TRY IT:
In the material below, find the line with "natural, forest, stream" and the line with "3D Flower Relief". Output exactly those two lines and all lines between them, leaving out pictures.
Content starts
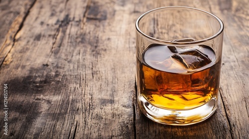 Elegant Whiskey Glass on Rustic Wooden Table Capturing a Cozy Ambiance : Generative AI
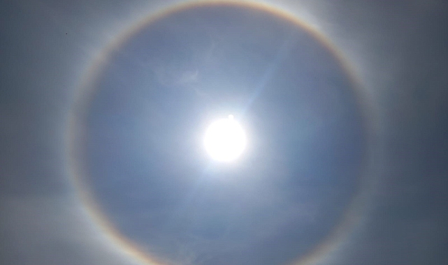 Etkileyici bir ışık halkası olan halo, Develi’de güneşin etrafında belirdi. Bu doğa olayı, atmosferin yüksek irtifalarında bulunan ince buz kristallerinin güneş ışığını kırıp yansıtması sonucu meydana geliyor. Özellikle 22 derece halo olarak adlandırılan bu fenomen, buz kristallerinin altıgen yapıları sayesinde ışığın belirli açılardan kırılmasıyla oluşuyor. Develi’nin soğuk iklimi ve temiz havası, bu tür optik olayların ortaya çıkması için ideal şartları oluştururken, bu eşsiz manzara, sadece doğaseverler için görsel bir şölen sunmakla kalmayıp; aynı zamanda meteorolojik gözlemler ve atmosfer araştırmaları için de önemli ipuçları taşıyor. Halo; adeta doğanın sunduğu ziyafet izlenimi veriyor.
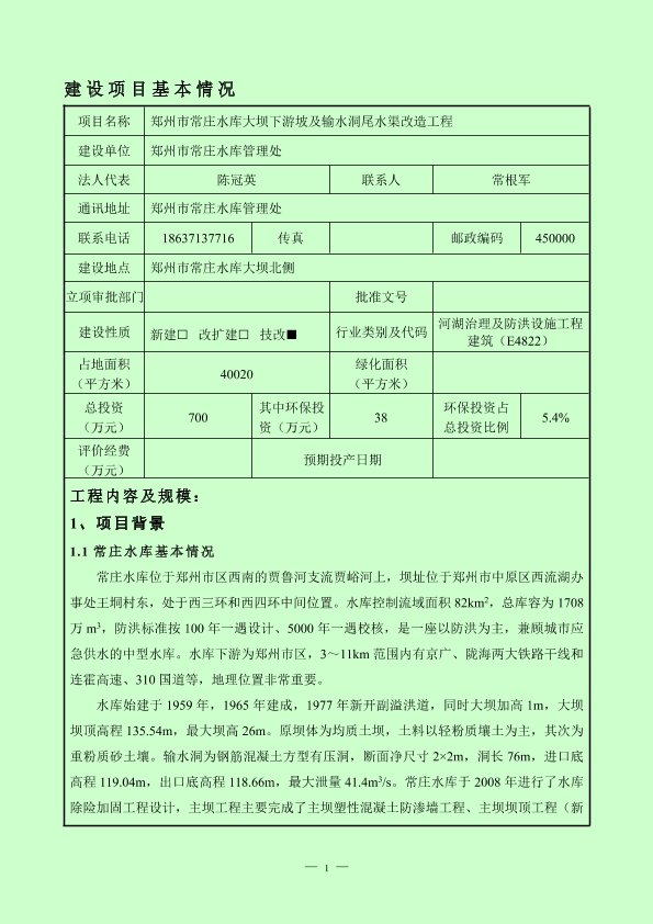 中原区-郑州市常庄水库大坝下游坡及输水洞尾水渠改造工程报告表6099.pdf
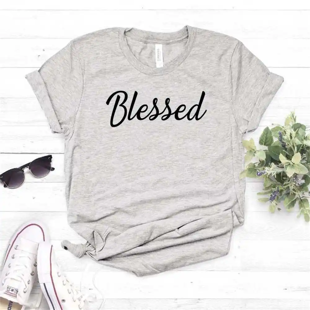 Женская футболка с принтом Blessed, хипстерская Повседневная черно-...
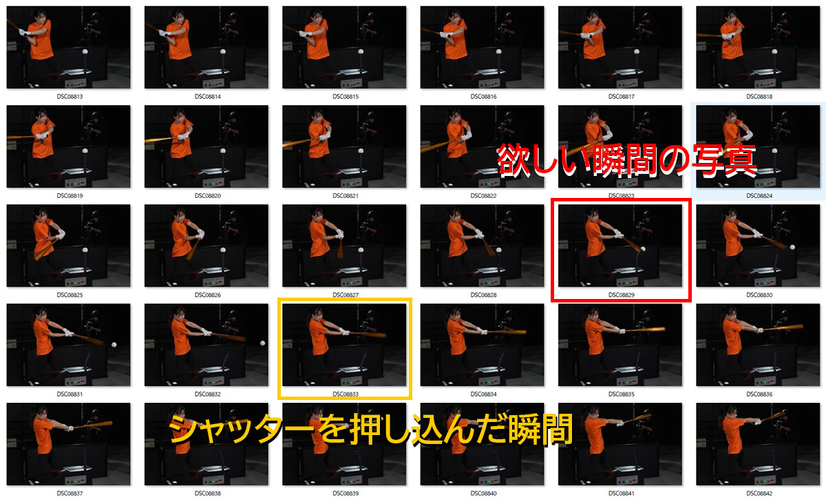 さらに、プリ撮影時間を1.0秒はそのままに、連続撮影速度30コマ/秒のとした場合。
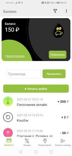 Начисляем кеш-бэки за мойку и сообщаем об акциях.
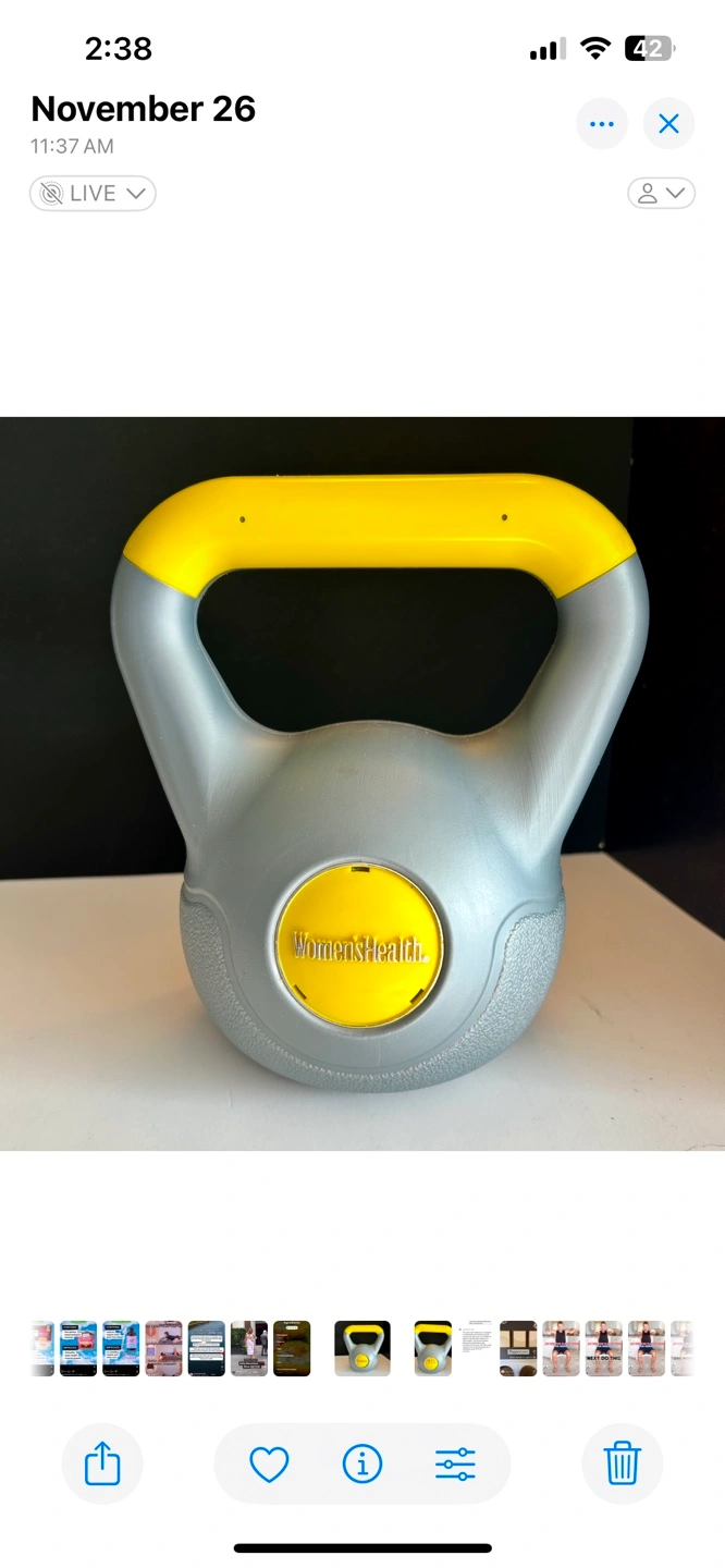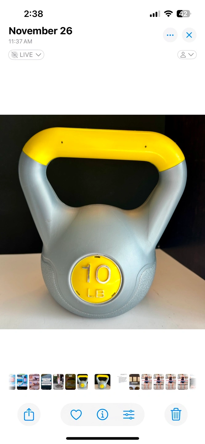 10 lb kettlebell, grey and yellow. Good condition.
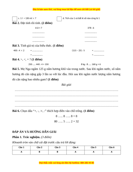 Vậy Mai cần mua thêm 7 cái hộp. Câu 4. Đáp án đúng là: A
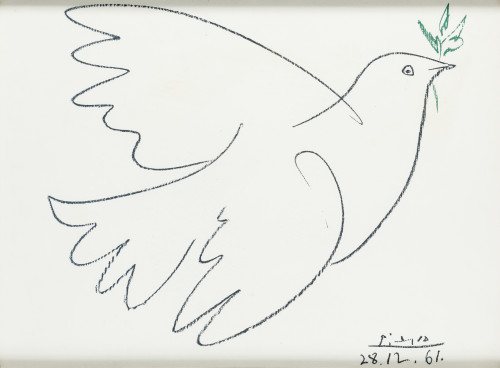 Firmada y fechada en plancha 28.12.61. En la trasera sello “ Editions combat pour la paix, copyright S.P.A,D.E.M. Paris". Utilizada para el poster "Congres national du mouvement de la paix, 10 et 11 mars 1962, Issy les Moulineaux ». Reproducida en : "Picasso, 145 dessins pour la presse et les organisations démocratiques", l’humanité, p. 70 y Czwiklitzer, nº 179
Content ends
Content starts
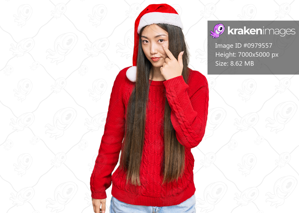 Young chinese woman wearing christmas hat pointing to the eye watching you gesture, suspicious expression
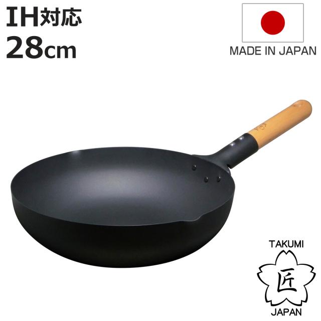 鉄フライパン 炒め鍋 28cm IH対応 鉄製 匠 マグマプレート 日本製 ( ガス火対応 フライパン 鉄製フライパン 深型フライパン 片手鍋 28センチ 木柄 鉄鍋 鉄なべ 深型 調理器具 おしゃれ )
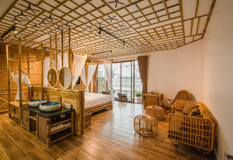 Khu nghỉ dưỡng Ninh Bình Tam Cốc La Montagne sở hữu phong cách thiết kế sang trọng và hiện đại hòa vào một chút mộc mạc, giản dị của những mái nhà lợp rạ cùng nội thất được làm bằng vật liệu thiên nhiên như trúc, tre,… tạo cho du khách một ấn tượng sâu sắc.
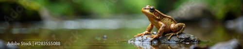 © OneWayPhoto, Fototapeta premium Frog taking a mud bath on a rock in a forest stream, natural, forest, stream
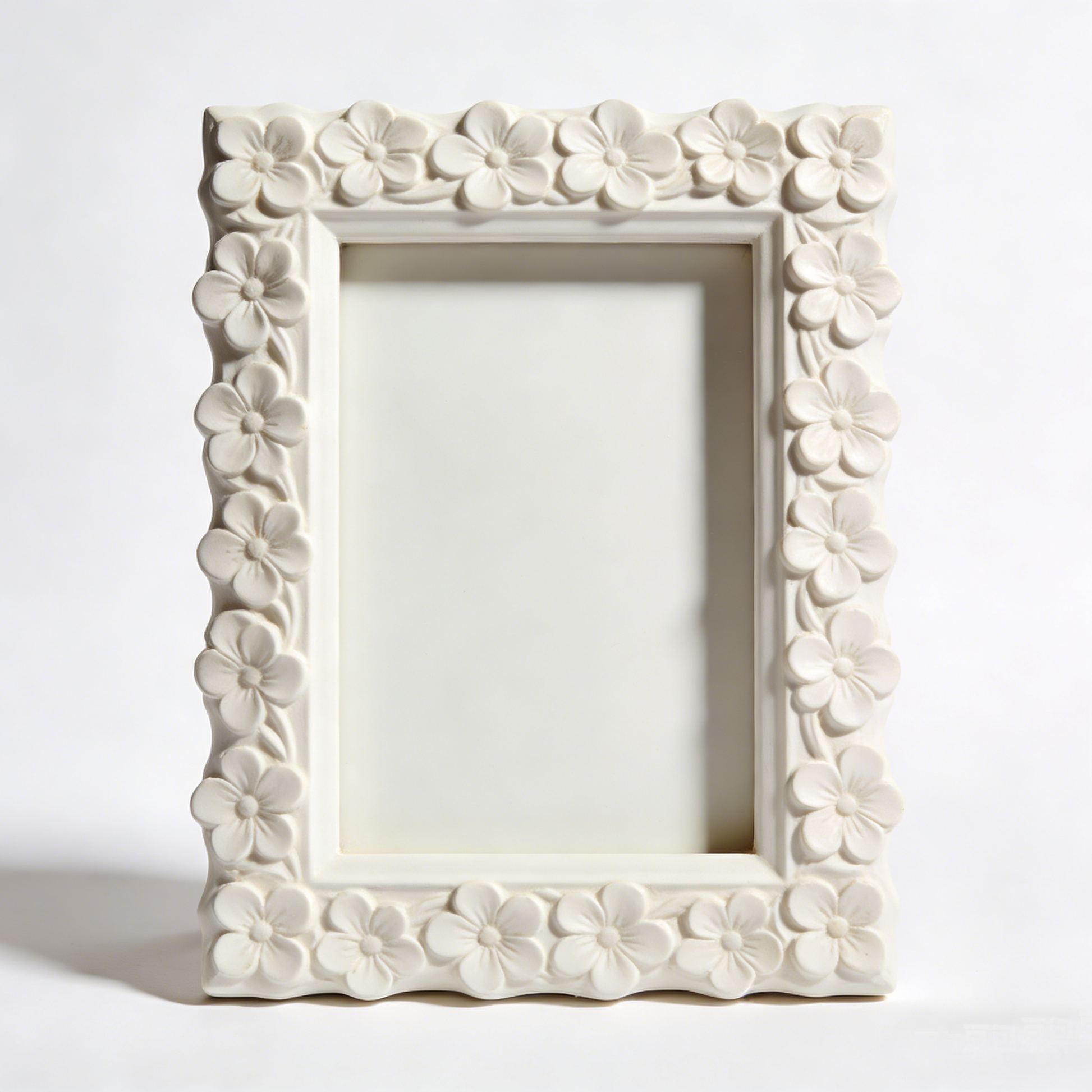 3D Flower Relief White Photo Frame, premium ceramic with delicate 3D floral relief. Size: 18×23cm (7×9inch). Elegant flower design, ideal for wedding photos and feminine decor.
Content ends
WRITTEN SOLUTION:
 © OneWayPhoto, Fototapeta premium Frog taking a mud bath on a rock in a forest stream, natural, forest, stream
 3D Flower Relief White Photo Frame, premium ceramic with delicate 3D floral relief. Size: 18×23cm (7×9inch). Elegant flower design, ideal for wedding photos and feminine decor.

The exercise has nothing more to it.